Disclaimer: These cool guys don't belong to me, with much regret :)

"Shut up," said Ron under his breath.

"...and of course I'm extremely excited to be working in the Ministry for the good of house-elves, I've already drafted up a special plan to protect them and other oppressed magical creatures, poor things, aren't they? RON! Are you listening or not?"

Ron managed a "Mmmnph", which was obviously not satisfactory to Hermione, because she started bombarding him with questions on what she had just said. At a loss for words, Ron was extremely pleased to hear Harry walking in.

"Hello, Harry!" said Ron, pointedly ignoring Hermione's scandalised look, "How is Auror training?"

"Fine. Bit of a breeze compared to fighting Voldemort, though." He smiled.

"With you'd stop saying that name," muttered Ron under his breath.

"He's dead!" said Hermione, turning around to face Harry. "You shouldn't be scared of the name now, seeing as there's nothing to that name any more..."

"Hermione!" said Harry, who had quite strangely only just noticed her presence. "How's your...new job?"

Hermione blushed and glared at Ron. "I see someone cares about the plight of house-elves and other oppressed creatures! Well, Harry, it's really nice and all that, and I've already started my new special plan-look-and there's much more to come, really, and I've put in loads of time into studying Wizarding Law and..."

Harry and Ron exchanged looks. "Told you," whispered Ron.

When Hermione finally stopped, Harry started speaking.

"Well I've come here for a...reason. I've got this free Portkey to Hawaii and it includes a free holiday package for three so I was wondering if you would want to come along on holiday with me..."

Before he could finish, Hermione interrupted. "Of course we would! Right, Ron?"

Ron, who was feeling apprehensive about going on a holiday with Hermione, decided to humour her. "Yes, of course! When does it leave?"

"Tomorrow," said Harry, delighted, "And it's here." He fished out a ball of yarn from his pocket. According to what the lucky draw person said, there's accomodation and food and everything and it lasts for a week. So we'll spend a week in Hawaii. If he's right, of course. Better bring some Galleons in case."
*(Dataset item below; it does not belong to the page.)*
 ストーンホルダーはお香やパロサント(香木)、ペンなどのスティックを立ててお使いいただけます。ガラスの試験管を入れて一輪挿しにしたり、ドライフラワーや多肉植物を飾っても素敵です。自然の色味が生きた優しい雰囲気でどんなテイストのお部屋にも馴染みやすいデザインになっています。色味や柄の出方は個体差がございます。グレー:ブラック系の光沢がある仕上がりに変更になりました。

"You're starting to sound like Mad-Eye Moody," said Ron, a little too loudly.

"RON! Of course he's not sounding like Moody, he's just being careful, like ALL of us should!" warned Hermione.

"Oh, all right, fine then," said Ron in a disgruntled tone.

"I guess we'll be having dinner at the Burrow together?" said Harry.

"Yeah, we're Disapparating."

And they turned on the spot, focused on the Burrow and disappeared with three loud cracks.

As they arrived at the Burrow, Mrs Weasley was fixing dinner. "Well, Harry, looks like you've had a good day at the Auror department? Kingsley told me all about how promising you were. And Hermione! Working in Magical Law Enforcement and taking care of house-elves at the same time! Ron," she said quite pointedly, "At the shop with George?"

She seemed disappointed that Ron had not chosen a Ministry career like Hermione, or an adventurous, respectable Auror job when he had all the qualifications too. Instead he had chosen to replace Fred and help George with the joke shop, an option that was proving extremely unpopular with Mrs Weasley.

"Go get Ginny, will you? She's been busy reading all day. Expect it's just some passing fad."

"But reading is good!" said Hermione in a shocked whisper.

"We know," said Ron.

They wandered up the staircase and successfully located Ginny. She was reading The Quibbler.

"You HAVE to read this!" she said, her eyes glazed.

"Uh-oh." Harry raised his wand and pointed it at Ginny.

"FINITE INCATANTEM!" He said, trying to cast it correctly.

It worked. Ginny choked and spluttered as if she had been in a trance and was now awakening.

"What happened to you?" asked Ron, a look of mock concern on his face.

"Stupid Terry Boot jinxed the magazine, I suppose. Eww. The Quibbler? That prat. I performed one of my expert Bat-Bogey Hexes on him and he just wanted revenge, I suppose."

"Why?" asked Hermione.

"Because," said Ginny, "He was trying to steal my lipstick."

"Steal your WHAT?!" asked Ron and Harry.

"Lipstick." Ginny looked adamant.

"Why'd he want that for?" asked Hermione.

"It's a Portkey. I'm going to Hawaii in holiday tomorrow. Free package, won it in some lucky draw. Some other lucky guy won a holiday for three. Wish I'd gotten that," said Ginny resentfully, "Then I could drag y'all along and stuff one of you in a suitcase and smuggle you along or something."

"There's no need for that," said Hermione and Harry, who were ignoring Ron, who had burst out into laughter.

"And why?" asked Ginny.

"Because," said Hermione, "Harry is 'the other lucky guy'."

Just as they were about to say more, Mrs Weasley called "DINNER'S READY!". Famished as they were, they raced each other down the stairs like children and sat at the table.